If we got roc auc result near 0.5 (0.5-0.6) - all good, and there are no significant differences. It also means that overfitting most likely will not come from features values differences.

If we have roc auc score >0.6 - it's a sign of some "leaky" feature or values distributions in train/test sets and you should look closer and do some cleaning. 

In [None]:
import numpy as np
import pandas as pd
import os, sys, gc, warnings, random

## Sklearn utils
from sklearn.metrics import roc_auc_score
from sklearn.model_selection import KFold

## LGB
import lightgbm as lgb

## Turn off warnings
warnings.filterwarnings('ignore')

## SEEDer
def seed_everything(seed=0):
    random.seed(seed)
    np.random.seed(seed)

In [None]:
########################### Initial Vars
###########################################################
TARGET    = 'target'   # Our Target
SEED      = 42         # Base SEED
N_SPLITS  = 5          # Number of Kfold Splits
PATH      = '../input/tabular-playground-series-mar-2021/'

cat_cols = ['cat'+str(i) for i in range(19)]  # Categorial Columns
cnt_cols = ['cont'+str(i) for i in range(11)] # Continuous Columns 

remove_features = ['id',TARGET] # Features that we will not use for training

In [None]:
########################### Data
###########################################################

# Main data
train_df = pd.read_csv(PATH+'train.csv')
test_df  = pd.read_csv(PATH+'test.csv')

# Combine train and test
# and assign new target
train_df[TARGET] = 1
test_df[TARGET]  = 0
all_df = pd.concat([train_df, test_df]).reset_index(drop=True)

del train_df, test_df

In [None]:
########################### Categorical encoding
###########################################################
# For the Adversarial Validation we will not
# do any "fancy" encoding
for col in cat_cols:   
    all_df[col] = all_df[col].astype('category')

In [None]:
########################### Models params and Features
###########################################################
features_columns = [col for col in list(all_df) if col not in remove_features]

lgb_params = {
                'boosting_type': 'gbdt',
                'objective': 'binary',
                'metric': 'auc',
                'n_estimators': 200,
                'learning_rate': 0.05,
                'num_leaves': 2**7,
                'min_data_in_leaf': 2**8,
                'feature_fraction': 0.7,
                'subsample': 0.7,
                'subsample_freq': 1,
                'early_stopping_rounds': 100,
                'boost_from_average': True,
                'seed': SEED,
                'verbose': -1
            }

In [None]:
########################### LGB Model
###########################################################

# We have enough data to use normal Kfold split
folds = KFold(n_splits=N_SPLITS, shuffle=True, random_state=SEED)

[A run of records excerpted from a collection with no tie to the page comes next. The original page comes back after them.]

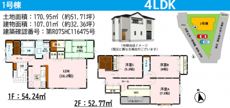 敷地面積 | 170.95㎡(51.71坪) | 建物面積 | 107.01㎡ (32.37坪) |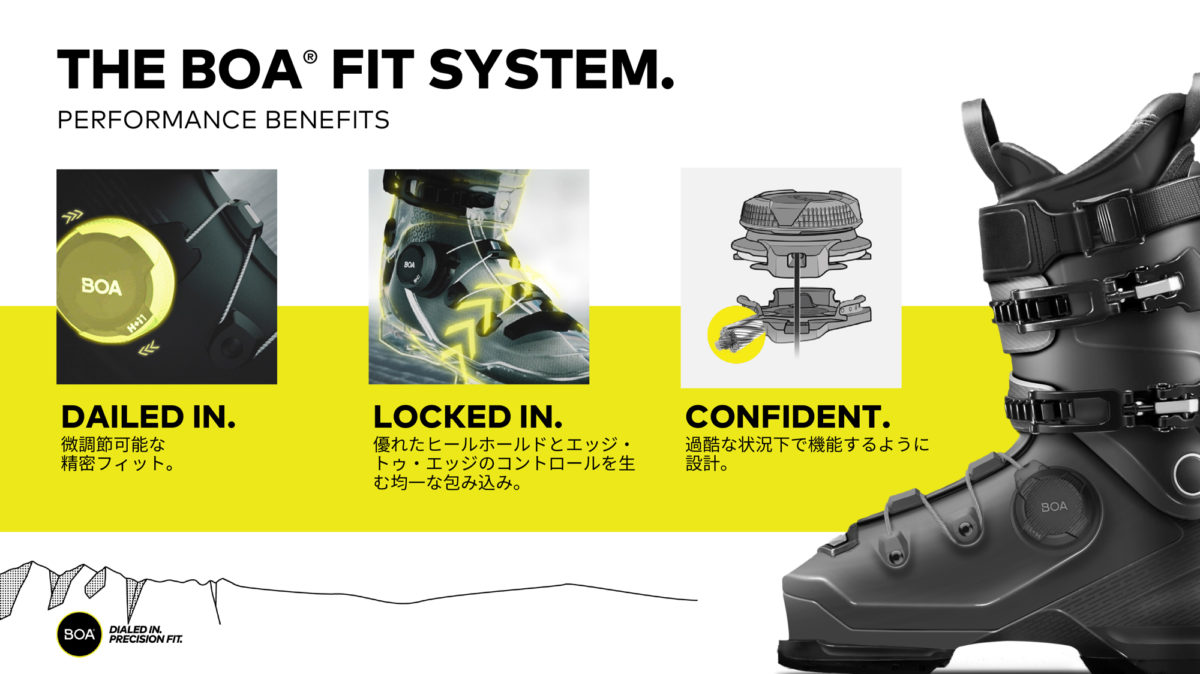 「BOAフィットシステム」はこれまでスノーボードブーツやゴルフシューズなど、さまざまなスポーツシューズに搭載している知識や経験を活かし、アルパインブーツ向けに新たなシステムを開発し、今回の発売までに5年以上の年月をかけて、満を持してお披露目となった。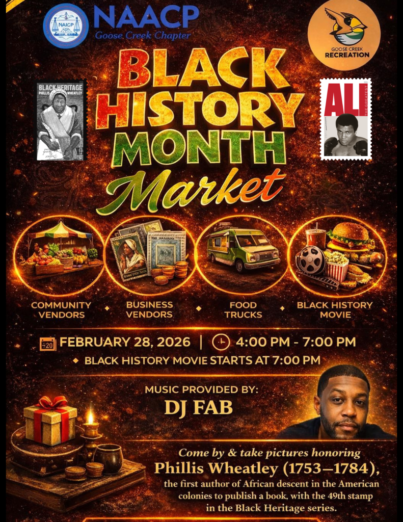 The organization, in partnership with Goose Creek Recreation, will host a Black History Month Market on Saturday, Feb. 28, from 4 p.m. to 7 p.m. The event is designed to highlight local entrepreneurs, bring families together and honor Black history and achievement.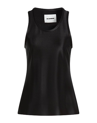 top, satin, solid color, no appliqués, crewneck, sleeveless, stretch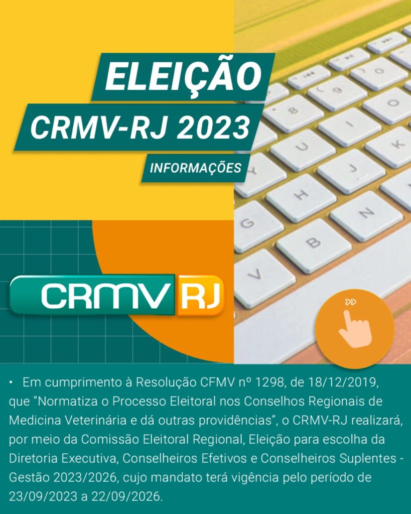 Em cumprimento à Resolução CFMV nº 1298, de 18/12/2019, que “Normatiza o Processo Eleitoral nos Conselhos Regionais de Medicina Veterinária e dá outras providências”, o CRMV-RJ realizará, por meio da Comissão Eleitoral Regional, Eleição para escolha da Diretoria Executiva, Conselheiros Efetivos e Conselheiros Suplentes – Gestão 2023/2026, cujo mandato terá vigência pelo período de 23/09/2023 a 22/09/2026.

# Separate train features and target
X,y   = all_df[features_columns], all_df[TARGET]

# Create column to store predictions
all_df['preds'] = 0

for fold_, (trn_idx, val_idx) in enumerate(folds.split(X,y)):
        
    print('Fold:',fold_+1)
        
    # Creating lgb train/valid data
    tr_x, tr_y = X.iloc[trn_idx,:], y[trn_idx] 
    vl_x, vl_y = X.iloc[val_idx,:], y[val_idx] 
        
    train_data = lgb.Dataset(tr_x, label=tr_y)
    valid_data = lgb.Dataset(vl_x, label=vl_y)
        
    # Train Model
    seed_everything(SEED)
    estimator = lgb.train(
                          lgb_params,
                          train_data,
                          valid_sets = [train_data,valid_data],
                          verbose_eval = 100,
                        )
        
    all_df.iloc[val_idx, len(list(all_df))-1] += (estimator.predict(vl_x)) 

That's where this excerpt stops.